Peter Kingsley, En los oscuros lugares del saber

martes, 13 de abril de 2010

Ajo y café

Por las mañanas, antes de desayunar, me tomo medio diente de ajo, o uno entero si no es muy grande. También tomo café. Eso sí, no demasiado. La norma suele ser alrededor de cinco a la semana. Estos referentes, me temo, me sitúan entre los yoguis heterodoxos y transgresores.

Y es que tanto el café como el ajo figuran en la lista de alimentos que se desaconsejan para todo buen yogui que se precie, el primero por rajásico (excitante) y el segundo por tamásico (paralizante).

Sin embargo, yo no le hago demasiado caso ni a esas antiguas clasificaciones ni a la famosa doctrina de los gunas.

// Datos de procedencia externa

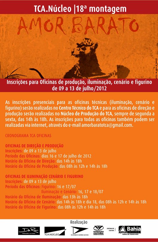O TCA.Núcleo abre, nesta segunda-feira, dia 09 de julho, inscrições para as oficinas que visam à qualificação e seleção dos assistentes de direção, produção, iluminação, cenário e figurino da montagem do Núcleo em 2012, “Amor Barato”, que tem estreia agendada para novembro, na Sala do Coro do Teatro Castro Alves. Para realizar as inscrições em qualquer uma das oficinas do TCA.NÚCLEO 2012 são necessárias fotocópias de RG e currículo artístico. As inscrições para as oficinas ficam abertas até o dia 13 de julho. As inscrições presenciais para as oficinas técnicas (iluminação, cenário e figurino) serão realizadas no Centro Técnico do TCA e para as oficinas de direção e produção serão realizadas no Núcleo de Produção do TCA, sempre de segunda a sexta, das 14h às 18h. As inscrições para todas as oficinas também podem ser realizadas via internet, através do e-mail amorbaratotca@gmail.com. Mais informações e o texto original da montagem estão disponíveis nos sites www.tca.ba.gov.br e www.amorbaratotca.wix.com/omusical. O preenchimento de vagas será realizado através de seleção de currículos e os resultados estarão disponíveis nos sites da montagem e do TCA a partir das 18h do dia 13. Amor Barato – Selecionado via edital público, o espetáculo musical “Amor Barato” tem direção de Fábio Espírito Santo, direção musical de Jarbas Bittencourt e Ronei Jorge e preparação vocal do maestro Angelo Rafael Fonseca. Integram também a equipe artística do espetáculo, a co-diretora Vadinha Moura, a coreógrafa Ana Paula Bouzas, o figurinista Rino Carvalho, o cenógrafo Rodrigo Frota e o produtor executivo Elísio Lopes Jr. O musical inédito aborda, com ironia e humor sarcástico, temas presentes na sociedade contemporânea como as disputas nas esferas do poder, corrupção, manipulação midiática e degradação da estrutura familiar, tendo como pano de fundo o amor impossível entre um rato e uma barata, vivido no submundo dos esgotos de uma metrópole brasileira. O texto, vencedor do edital de Apoio ao Desenvolvimento de Textos Dramatúrgicos do Estado da Bahia/2010, resultou numa versão moderna, para adultos, da fábula infantil “O casamento de Dona Baratinha”. A montagem é uma realização do Teatro Castro Alves e da DA RIN Produções Culturais.

Sencillamente no creo que comer ajo y tomar café nos haga menos espirituales ni nos aleje de la pureza sátvica que tanto proclaman los puristas de esta tradición.

En mi opinión, tanto la teoría de los gunas como muchas otras cosas relacionadas con el yoga necesitan ser revisadas para que hoy día tengan alguna credibilidad y puedan adaptarse a los nuevos tiempos. Porque si sólo admitimos como válidos los alimentos sátvicos, ¿cómo podemos entender a Krishna en el Gita?: Si el alma supera los tres modos de ser de la naturaleza [los tres gunas, no sólo tamas y rajas], no estará sujeta al nacimiento, a la muerte, a la vejez y al dolor, y, por el contrario, alcanzará la inmortalidad.

Así pues, soy un yogui tamasizado y rajasizado. Espero que eso no me impida reconocer el resplandor de la divinidad en los torbellinos del samsara, aunque tenga el sabor del ajo y el aroma del café.

martes, 6 de abril de 2010

42

Cuarenta y dos. Eso es lo que pone en mi DNI. Hoy cumplo cuarenta y dos años y cuatro meses. ¡Quién iba a decirlo! Sin embargo, en cierta forma, siento que mi vida aún no ha comenzado. De hecho no me da la impresión de tener un cuerpo de esa edad. Y si tengo que atenerme a la edad psicológica menos aún. En muchos aspectos no pienso de forma muy diferente a la época en la que rozaba la veintena.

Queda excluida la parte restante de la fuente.